- [Exercise directions] Repeat the records exactly. Leave out the pictures.
[[ Listed entries open ]]
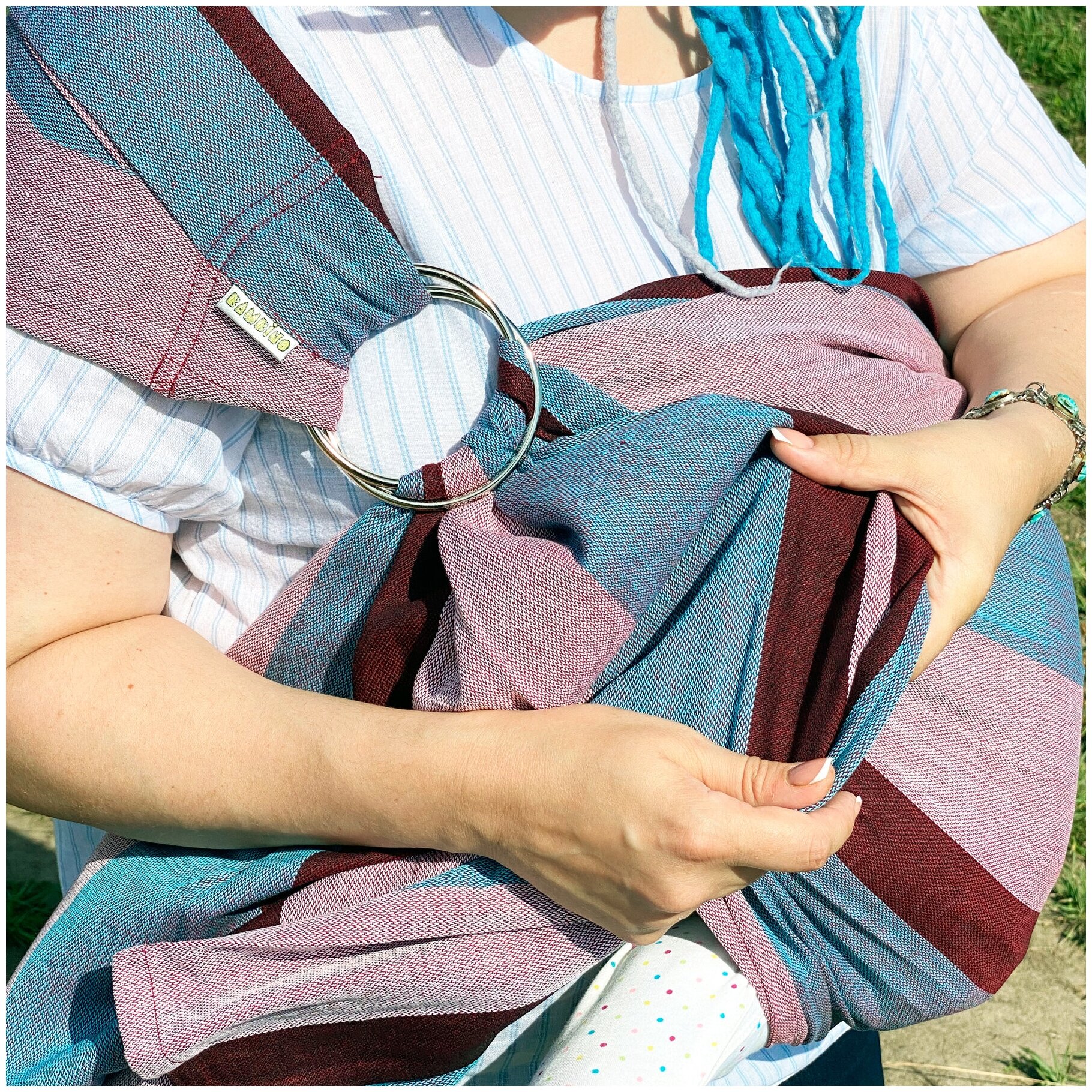 Тканый слинг с кольцами "Бамбино Бирюза"
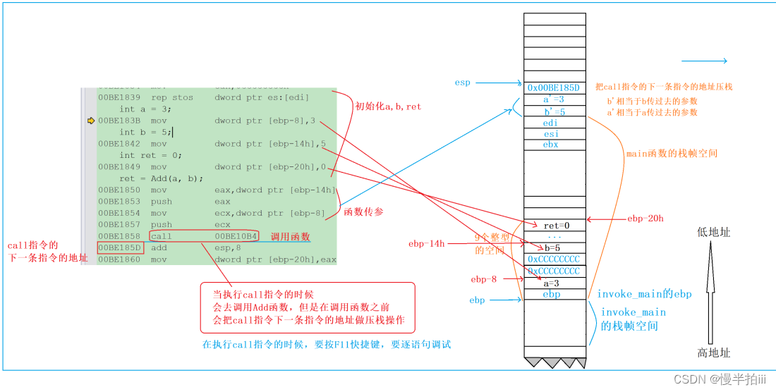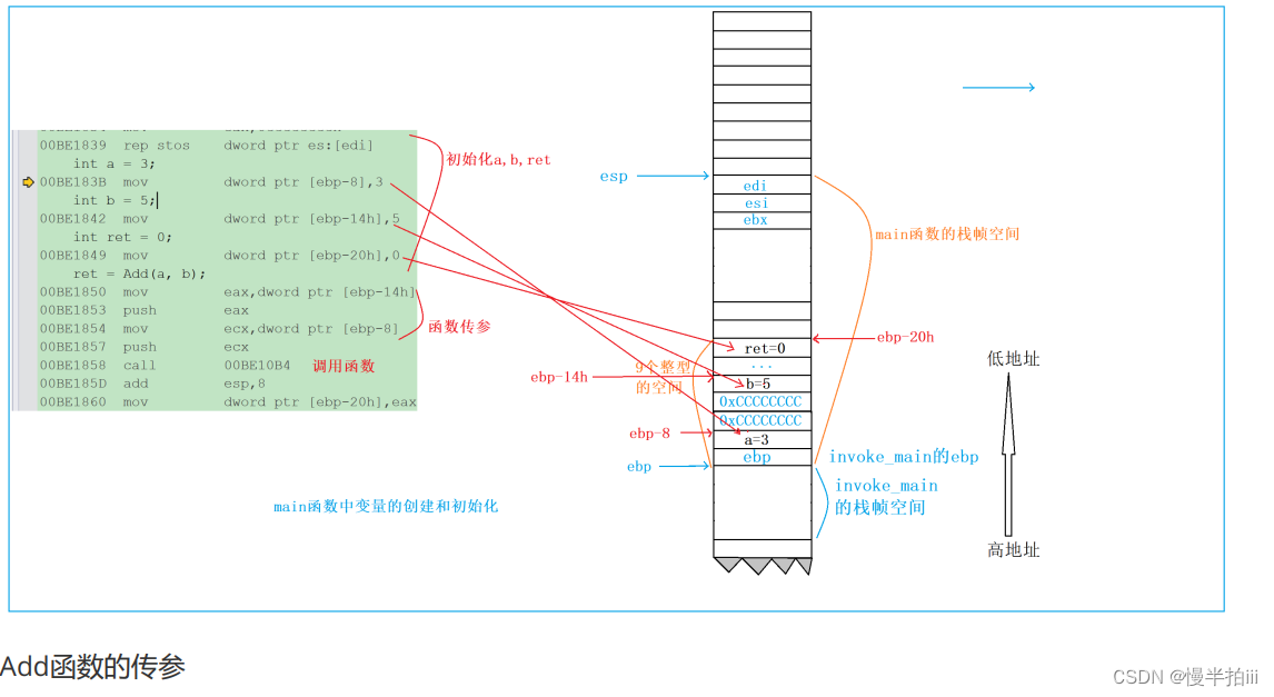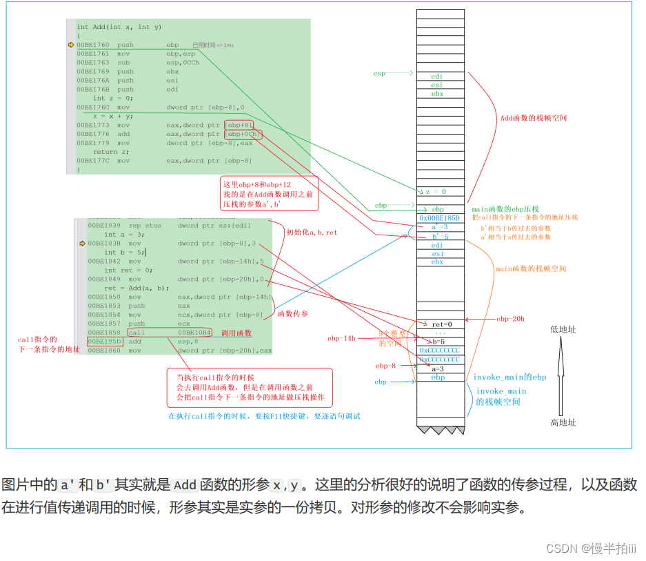 拓展了解: 其实返回对象时内置类型时,一般都是通过寄存器来带回返回值的,返回对象如果时较大的对象时,一般会在主调函数的栈帧中开辟一块空间,然后把这块空间的地址,隐式传递给被调函数,在被调函数中通过地址找到主调函数中预留的空间,将返回值直接保存到主调函数的。具体可以参考《程序员的自我修养》一书的第10章。到这里我们给大家完整的演示了main函数栈帧的创建,Add函数站真的额创建和销毁的过程,相信大家已经能够基本理解函数的调用过程,函数传参的方式,也能够回答课件开始处的问题了。
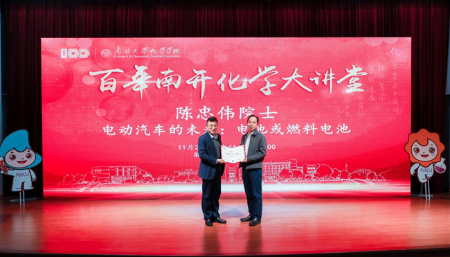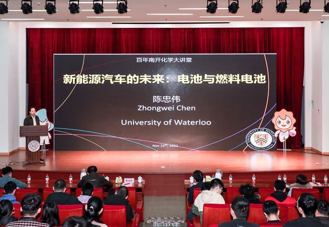 11月23日,加拿大皇家科学院院士、加拿大工程院院士、滑铁卢大学清洁能源先进材料实验室主任陈忠伟教授做客南开大学“新能源-卓越讲座”暨“百年南开化学大讲堂”,在八里台校区天南联合楼四楼报告厅作了题为《新能源电池的未来:电池与燃料电池》的学术报告。中国科学院院士、南开大学副校长陈军,南开大学化学学院负责人分别为陈忠伟教授颁发“新能源-卓越讲座”荣誉证书和“百年南开化学大讲堂”纪念奖牌,化学学院200余名师生参加讲座。
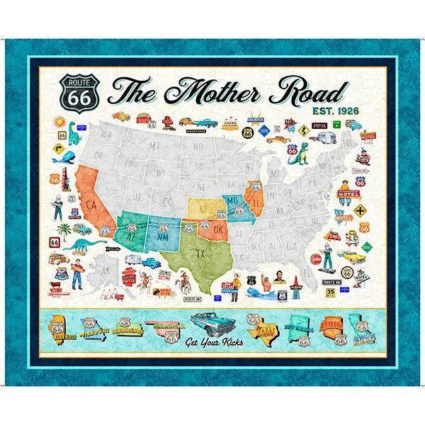 Plan your route to fun and colorful projects and celebrate 100 years of the iconic east-west highway. From cowboys to Indians, dinosaurs to astronauts, neon signs to drive in diners, this ensemble will take you on a creative trip. This antique car and motorcycle picture patches will lead the way! ©Morris Creative Group
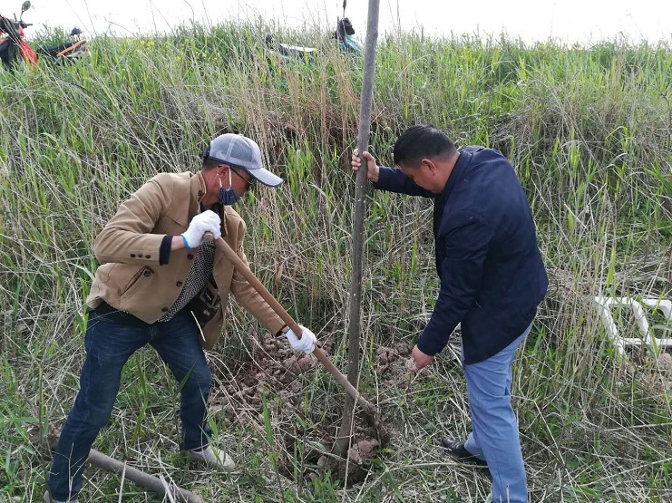 大家下午一點(diǎn)三十出發(fā),每人帶上鐵锨或者鐵楸,前往目的地。全體員工都相互協(xié)作,四人一組搬運(yùn)樹苗,填土栽植,經(jīng)過兩天的勞動完成了二百三十三畝土地共五百四十棵樹苗的栽植任務(wù)。
[[ Listed entries closed ]]
- [Response to this task]
 Тканый слинг с кольцами "Бамбино Бирюза"
 拓展了解: 其实返回对象时内置类型时,一般都是通过寄存器来带回返回值的,返回对象如果时较大的对象时,一般会在主调函数的栈帧中开辟一块空间,然后把这块空间的地址,隐式传递给被调函数,在被调函数中通过地址找到主调函数中预留的空间,将返回值直接保存到主调函数的。具体可以参考《程序员的自我修养》一书的第10章。到这里我们给大家完整的演示了main函数栈帧的创建,Add函数站真的额创建和销毁的过程,相信大家已经能够基本理解函数的调用过程,函数传参的方式,也能够回答课件开始处的问题了。
 11月23日,加拿大皇家科学院院士、加拿大工程院院士、滑铁卢大学清洁能源先进材料实验室主任陈忠伟教授做客南开大学“新能源-卓越讲座”暨“百年南开化学大讲堂”,在八里台校区天南联合楼四楼报告厅作了题为《新能源电池的未来:电池与燃料电池》的学术报告。中国科学院院士、南开大学副校长陈军,南开大学化学学院负责人分别为陈忠伟教授颁发“新能源-卓越讲座”荣誉证书和“百年南开化学大讲堂”纪念奖牌,化学学院200余名师生参加讲座。
 Plan your route to fun and colorful projects and celebrate 100 years of the iconic east-west highway. From cowboys to Indians, dinosaurs to astronauts, neon signs to drive in diners, this ensemble will take you on a creative trip. This antique car and motorcycle picture patches will lead the way! ©Morris Creative Group
 大家下午一點(diǎn)三十出發(fā),每人帶上鐵锨或者鐵楸,前往目的地。全體員工都相互協(xié)作,四人一組搬運(yùn)樹苗,填土栽植,經(jīng)過兩天的勞動完成了二百三十三畝土地共五百四十棵樹苗的栽植任務(wù)。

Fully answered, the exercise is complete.